But I suppose there is no accounting for taste. This same Lady Mary of the revisionist theory on crop rotation somehow turned me on. She has always seemed to me just too austere and porcelain for serious human consumption. But what I suddenly realized this past Sunday is that, whatever and wherever the mythical Lady Mary may go or be, the real-life actress Michelle Dockery is hot!
In some similar spirit I did try to explain to my regular TV watching partner just what I take season five of Downton Abbey to be all about. It is, in my view, a quite superior, high-class version of “The Young and the Restless” (or as some in the urban jungle to the north of us say, The Young and the Restaurant) on US daytime TV.
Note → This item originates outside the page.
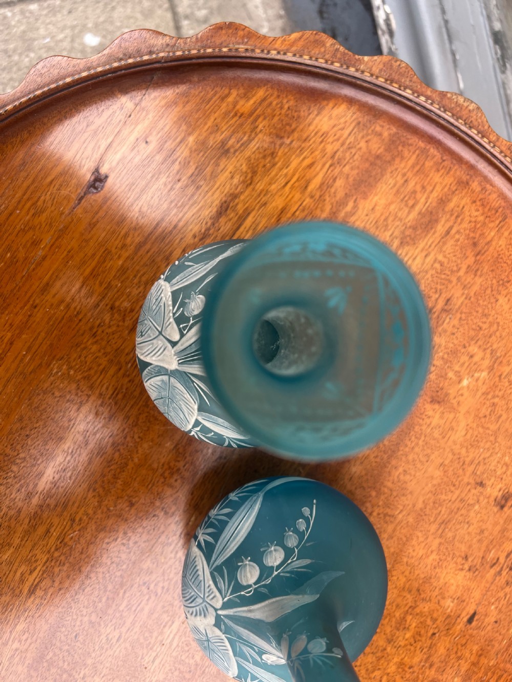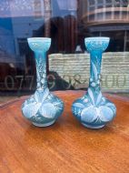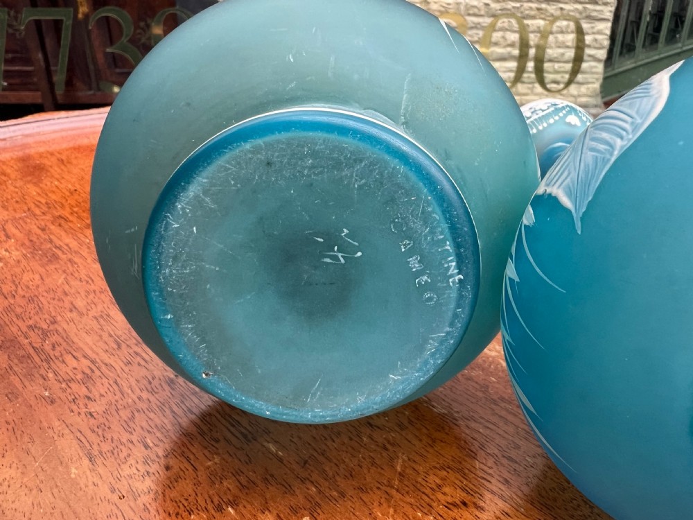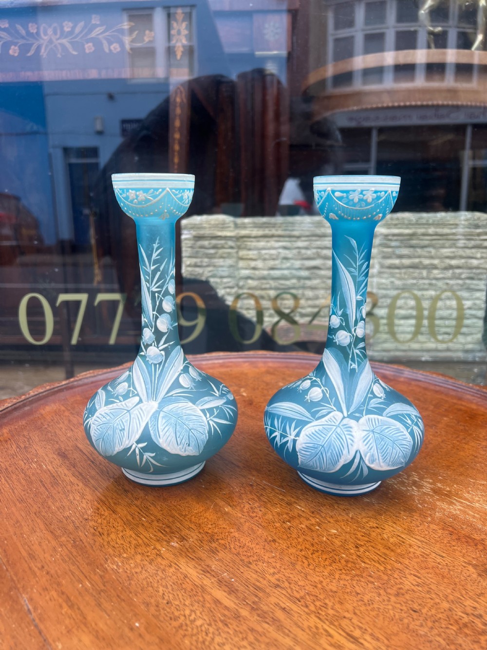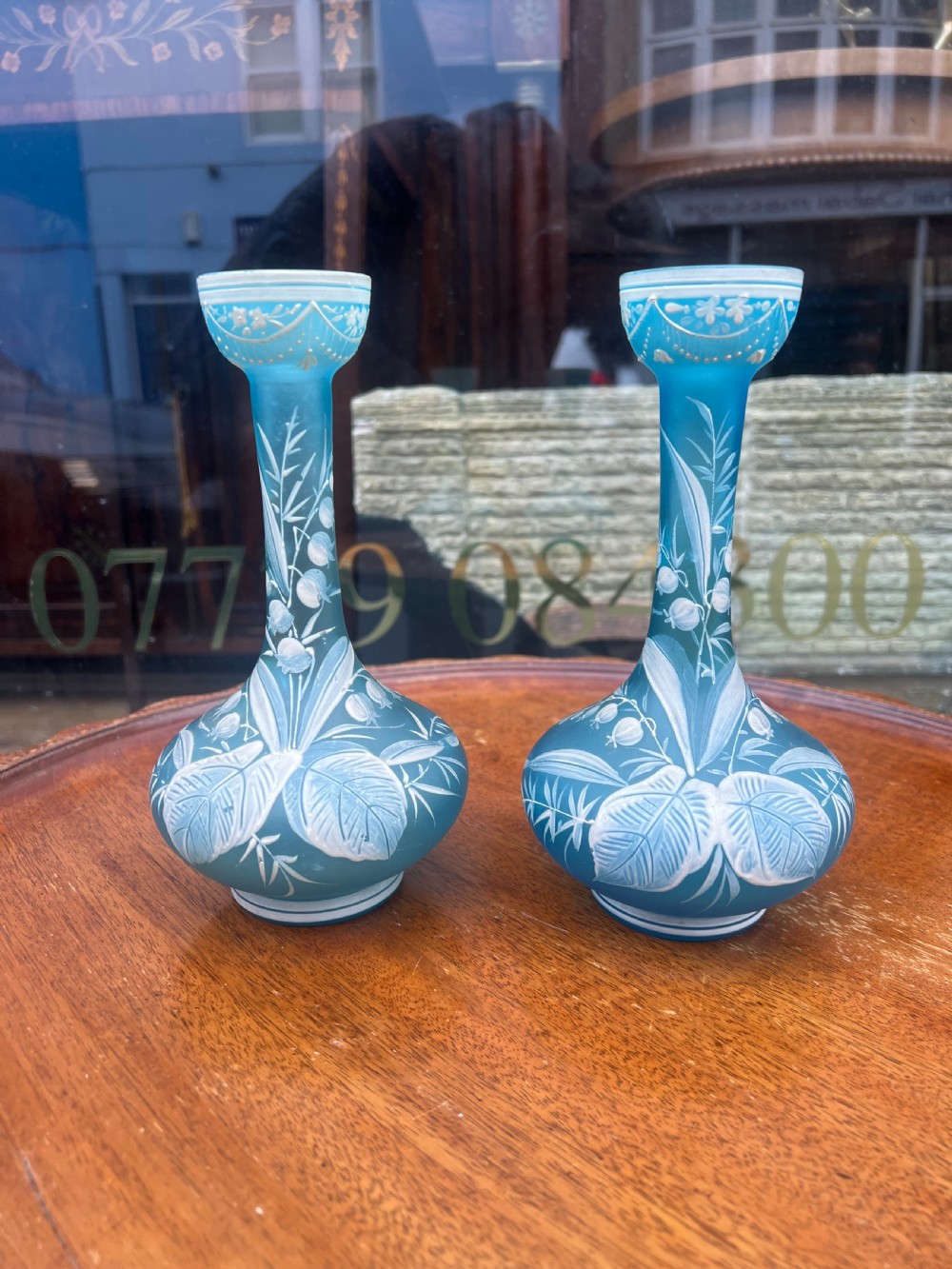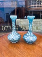 A pair of Thomas Webb and Co vases, blue glass with white cameo appliqué one marked on the base Florentine Cameo A very rare find and a pair Measures Height 20 cms Width 11 cms Condition Some very small bits of the white have been lost on the rim, but no chips to the glass or old breaks etc. One vase shows a few brown sections( photos) they are original and are in the glass and have an iridescence Delivery can easily be arranged for this item smaller items are generally sent free of charge to the uk, larger items can be sent via a courier, I keep this service as cheap as possible, the larger items are picked up and delivered to you within 7-10 days should you require a quicker delivery expect to pay at least double the normal cost. If you are unhappy with any item I offer a full money back guarantee once the item is safely back in my possession and undamaged as a result of misuse. Please feel free to ring me with any queries you may have, I'm always happy to discuss anything to do with antiques !! Opening hours Thursday to Saturday 10am - 6pm. Or by appointment.

There was a lot of hand wringing in episode one of season five about the brief advent of  the first  Labour Party Prime Minister of the United Kingdom, Ramsay MacDonald, in 1924. The times they were a changin in the 1920s, even for the old landed Tory aristocracy in the United Kingdom. But as any kind of real history it all seemed somehow contrived and unconvincing. For me at any rate (if not for my regular TV watching partner?) Louis Bayard in the New York Times finally summed everything up best :
The “most entertaining ‘Downton Abbey’ installment of the holiday season was not Episode 1 but the show’s nine-minute-plus fund-raising video, an alternative universe in which Lord Grantham is replaced by Lord Hollywood (George Clooney, looking like a California Sun King). New worlds of Eros erupt in this funny and knowing send-up, which reminds us that every cast member in ‘Downton Abbey’ is already a wink or two away from camp.”